Wie entsteht Wissen? Wer ,,schafft“ Wissen und wer entscheidet, was Wissen ist? Welchen Einfluss haben die Faktoren Geschlecht und Sozialisation in einem bestimmten Milieu auf die Sicht des Forschenden? Können objektive Erkenntnisse überhaupt entstehen, wenn die Herkunft einer Person ihre Theorie und Forschung beeinflusst?
Donna Haraway ist eine feministische Wissenschaftlerin, die sich mit diesen Fragen, der Rolle von Positionalität in der Objektivitätsdebatte, befasste und den Diskurs damit maßgeblich beeinflusste. Mit ihrem Konzept des ,,situierten Wissens“ fordert sie anstelle vorgeblich objektiver Standpunkte eine Wissenschaft, die sich gegen Neutralität und Universalität von Wissen ausspricht und zugibt, von historischen und kulturellen Einflüssen geprägt zu sein. Sie schlägt einen Gegenentwurf zum Idealbild des Forschenden vor, der losgelöst von seiner gesellschaftlichen Position Wissen produziert, das aufgrund scheinbarer Distanz zum untersuchten Objekt neutralere Erkenntnisse verspricht. Denn dies sei, so Haraway, realitätsfern und somit nicht möglich.

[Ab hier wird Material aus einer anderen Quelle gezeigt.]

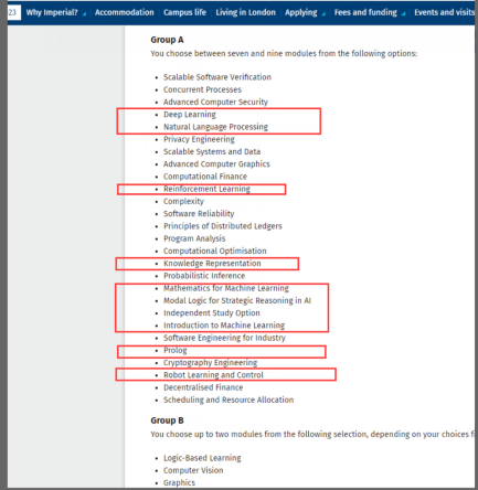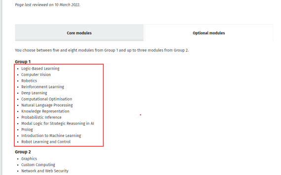 而MSc Advanced Computing的課程設置中,僅Group A就有十節課和MSc Computing Artificial Intelligence相同。

Um eine feministische Definition von ,,Objektivität“ zu erlangen, möchte Haraway den vorherrschenden Konsens in der Debatte um Objektivität aufzeigen und kritisiert diesen scharf. In diesem Kontext fällt die starke Rhetorik der Autorin auf, die ein dichotomes Verständnis von WisschenschaftlerInnen hat: auf der einen Seite sieht sie das imaginierte ,,sie“, gemeint sind männliche Wissenschaftler und Philosophen, die durch Geldmittel und Einfluss den wissenschaftlichen Diskurs dominieren. Dem gegenüber spricht Haraway von ,,wir“ als die ,,Anderen“, denen zugesprochen wird eine begrenzte Perspektive und eine Verzerrung in ihrer Sicht zu haben und aus diesem Grund nicht körperlos sein und objektive Erkenntnisse erreichen zu können. Die von der Autorin als ,,wir“ bezeichneten sind aus dem wissenschaftlichen Diskurs bis dato weitgehend verdrängt.
Um zu erläutern, wie es dazu kam, dass einige Menschen den Übergang aus der Position des markierten Körpers ,,in den erobernden Blick von nirgendwo“ (S.80) schafften, greift Haraway auf die Metapher der Vision zurück. Anders als im Deutschen, wo ,,Vision“ weitgehend als Einbildung begriffen wird, meint Vision in diesem Kontext sowie tatsächlich wahrnehmbare Tatsachen als auch Objekte der Vorstellung. Unter einem unmarkierten Körper versteht Haraway im Allgemeinen den weißen Mann, der die Macht hat ,,zu sehen, ohne gesehen zu werden sowie zu repräsentieren und zugleich der Repräsentation zu entgehen“ (S.80). Markierte Personen sind beispielsweise Frauen oder Menschen des globalen Südens, denen nicht zugetraut wird, objektive Erkenntnisse erlangen zu können. Diese Entkörperung der unmarkierten Personen schafft die Basis für eine Männer dominierte, rassistische und militarisierte Gesellschaft, in der die grenzenlose Macht von Wissenssubjekten ausgeht, die sich von jeglichem Zugeständnis menschlicher Befangenheit distanzieren. Im postmodernen Zeitalter hat die Sicht einer unendlichen Vision vollkommen neue Dimensionen angenommen: durch technische Hilfsmittel wird das Gefühl vermittelt, dem menschlichen Blickwinkel seien keinerlei Grenzen gesetzt. Beispielsweise durch die Rekonstruktion digitaler Signale aus dem All wird der Anblick ferner Planeten für den Menschen plötzlich real sichtbar gemacht. Die Vorstellung, Menschen seien in der Lage, alles und jeden sehen und erkennen zu können sieht Haraway höchst kritisch. Sie bezeichnet diesen Größenwahn als ,,göttlichen Trick“.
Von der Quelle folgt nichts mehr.